Wikipedia here states that:

Dried lentils can also be sprouted by leaving in water for several days. This changes their nutrition profile.

so what does it mean? I am always looking for getting most out of bucks but sprouted beans taste good so trying with lentils. I like lentils due to their high protein content. I am unsure what happens to lentils in sprouting. Does sprouting just break some starch to smaller carbon chains if so what does it mean in terms of protein content? Some energy is surely lost in sprouting as the bad water is thrown away. But how do the nutritional values change?

[Update]

The word sprouting is misleading in discussing lentils. The core of lentils is removed so the process is substantially different to sprouting things such as alfalfa where they totally transform the form. The transformation of lentils is because the seeds react to water like after winter, bacteria breaks the long compressed chains of protein to more accessible forms such as amino acids which people would anyway break, saving energy for people in the breakdown process (similar thing in meat heating where long protein chains get shorter). The generated smelling stuff is bacterial junk due to the process. According to my friends, experts in the field, many questions considering taste, fermentation, sprouting and the protein breakdown are unsolved.

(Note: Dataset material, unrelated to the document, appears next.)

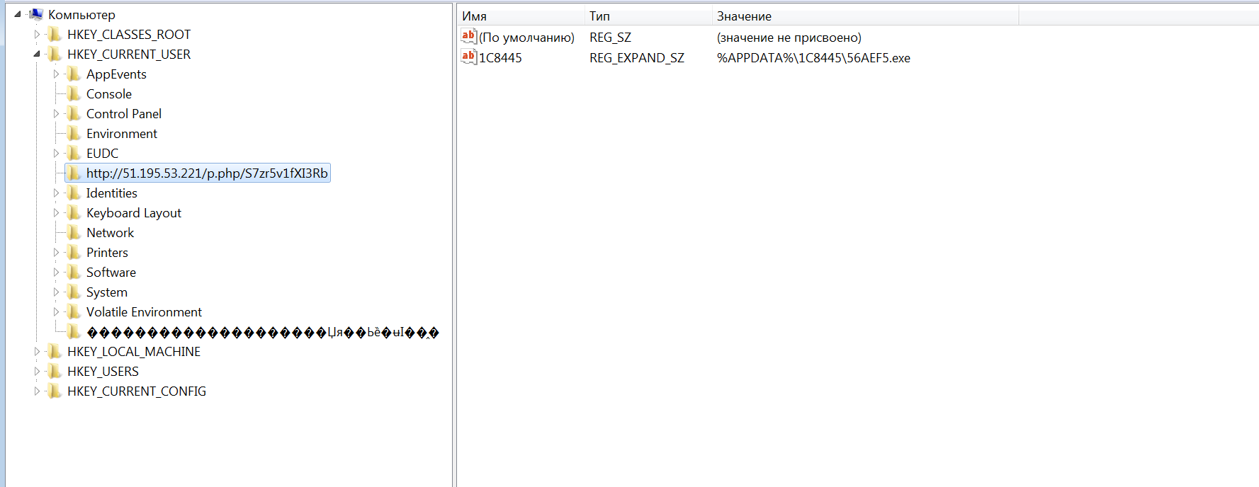 Lokibot создает скрытую папку в APPDATA с именем длиной 5 символов и копирует туда себя. В реестре Lokibot создает папку с адресом C&C сервера и путем до своей копии
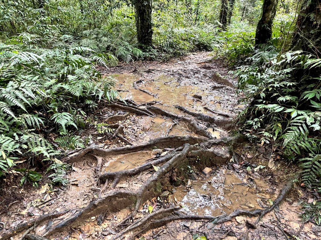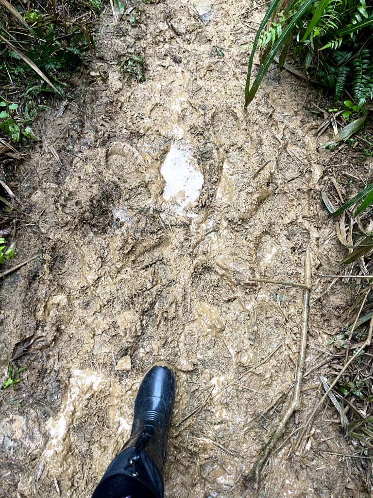 影片:整個路徑都是泥濘狀態,這時就會發現雨鞋的好處。Steven還故意採進去當作示範。08:39

I cannot unfortunately access some current research papers on the issue, here, but there is a promising paper "Nutritional assessment of raw, heated, and germinated lentils" by G Urbano (1995). The technical jargon for this problem is apparently germinated lentils. I don't use the term sprouting to stress the uniqueness of the process, not having the core. So how is the nutritional profile different between raw lentils and germinated lentils in water?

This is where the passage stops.